Software RAID
Replacing a drive
If a drive fails in a server, the procedure is essentially to open a
ticket, wait for the drive change, partition and re-add it to the RAID
array. The following procdure assumes that sda
failed and sdb
is
good in a RAID-1 array, but can vary with other RAID configurations or
drive models.
-
file a ticket upstream
Hetzner Support, for example, has an excellent service which asks you the disk serial number (available in the SMART email notification) and the SMART log (output of
smartctl -x /dev/sda
). Then they will turn off the machine, replace the disk, and start it up again. -
wait for the server to return with the new disk
Hetzner will send an email to the tpa alias when that is done.
-
partition the new drive (
sda
) to match the old (sdb
):sfdisk -d /dev/sdb | sfdisk --no-reread /dev/sda --force
-
re-add the new disk to the RAID array:
mdadm /dev/md0 -a /dev/sda
Note that Hetzner also has pretty good documentation on how to deal with SMART output.
Hardware RAID
MegaCLI operation
Some TPO machines --particularly at cymru -- have hardware RAID with megaraid
controllers.

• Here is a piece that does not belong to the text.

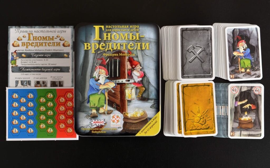 Ещё больше персонажей, возможностей, сокровищ в конкурентной и хитрой игре про гномов, которую обожают во всём мире. В красивой металлической коробке (она прям готова стать подарком) удобно устроилась и базовая версия игры Гномы-вредители, которая многим знакома, и большое классное дополнение. Бархатный органайзер, карты плотные и приятные на ощупь, да ещё и картонные фишки появились! Ладно, потрогаете потом сами, давайте поборемся за золото — разложить теперь можно даже на 12 человек.
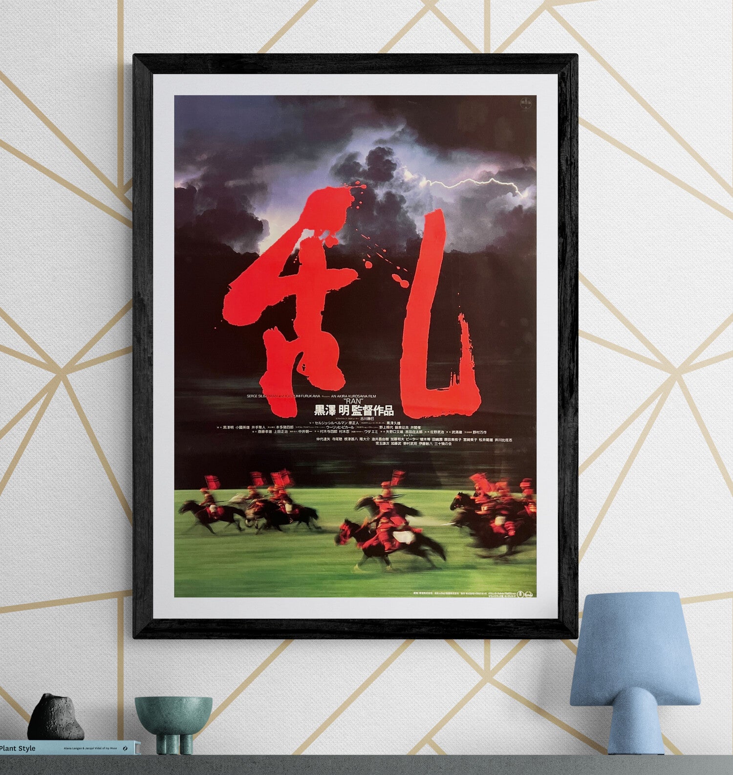 Minimal yet thunderous: a storm-black sky split by lightning, with cavalry streaking across a green plain. The giant blood-red brushed kanji 「乱」 dominates the field—an elegant statement piece for Kurosawa’s masterpiece.

Those are controlled with the MegaCLI
command that is
... rather hard to use.
First, alias the megacli command because the package (derived from the upstream RPM by Alien) installs it in a strange location:
alias megacli=/opt/MegaRAID/MegaCli/MegaCli
This will confirm you are using hardware raid:
root@moly:/home/anarcat# lspci | grep -i megaraid
05:00.0 RAID bus controller: LSI Logic / Symbios Logic MegaRAID SAS 2108 [Liberator] (rev 05)
This will show the RAID levels of each enclosure, for example this is RAID-10:
root@moly:/home/anarcat# megacli -LdPdInfo -aALL | grep "RAID Level"

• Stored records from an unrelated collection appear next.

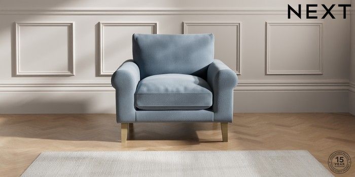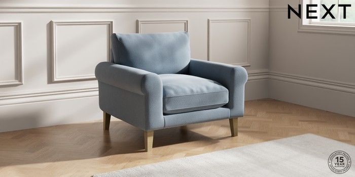 7.2.10 Palermo Relaxed Sit Armchair Relaxed Linen Look Mid Blue Tapered - Light | Made Click here to use our website with more accessibility support, for example screen readers
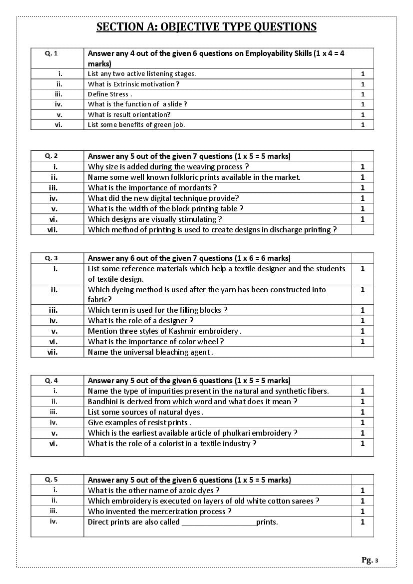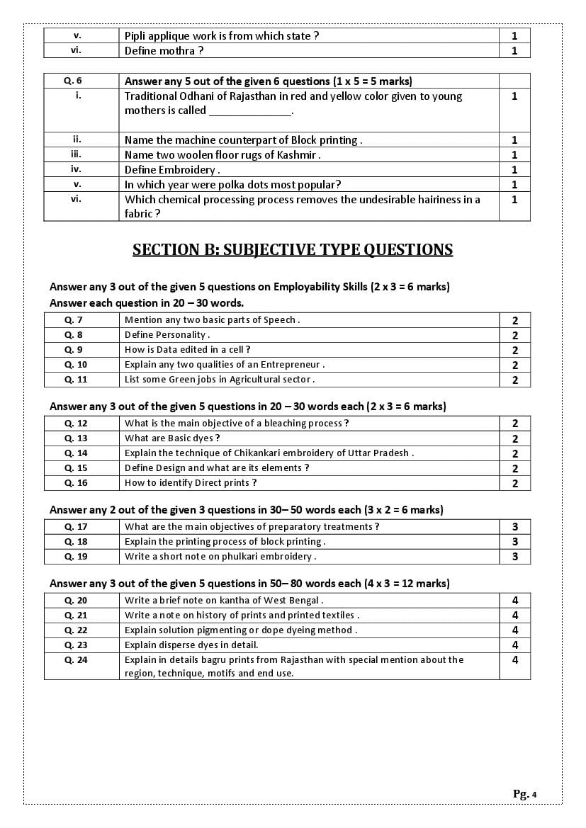 Class 12 Textile Design Sample Paper With Solutions 2026
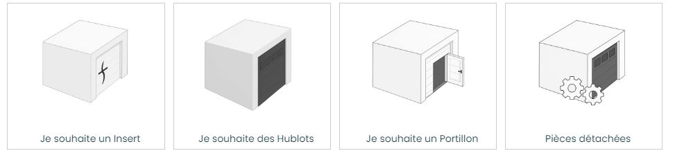 Options : hublots, inserts décoratifs, bâton de maréchal, LED, chatière, grille de ventilation, entrée de courrier.

RAID Level : Primary-1, Secondary-0, RAID Level Qualifier-0
This is an example of a simple RAID-1 setup:
root@chi-node-04:~# megacli -LdPdInfo -aALL | grep "RAID Level"
RAID Level : Primary-1, Secondary-0, RAID Level Qualifier-0
This lists a summary of all the disks, for example the first disk has failed here:
root@moly:/home/anarcat# megacli -PDList -aALL | grep -e '^Enclosure' -e '^Slot' -e '^PD' -e '^Firmware' -e '^Raw' -e '^Inquiry'
Enclosure Device ID: 252
Slot Number: 0
Enclosure position: 0
PD Type: SAS
Raw Size: 558.911 GB [0x45dd2fb0 Sectors]
Firmware state: Failed
Inquiry Data: SEAGATE ST3600057SS [REDACTED]
Enclosure Device ID: 252
Slot Number: 1
Enclosure position: 0
PD Type: SAS
Raw Size: 558.911 GB [0x45dd2fb0 Sectors]
Firmware state: Online, Spun Up
Inquiry Data: SEAGATE ST3600057SS [REDACTED]
Enclosure Device ID: 252
Slot Number: 2
Enclosure position: 0
PD Type: SAS
Raw Size: 558.911 GB [0x45dd2fb0 Sectors]
Firmware state: Online, Spun Up
Inquiry Data: SEAGATE ST3600057SS [REDACTED]
Enclosure Device ID: 252
Slot Number: 3
Enclosure position: 0
PD Type: SAS
Raw Size: 558.911 GB [0x45dd2fb0 Sectors]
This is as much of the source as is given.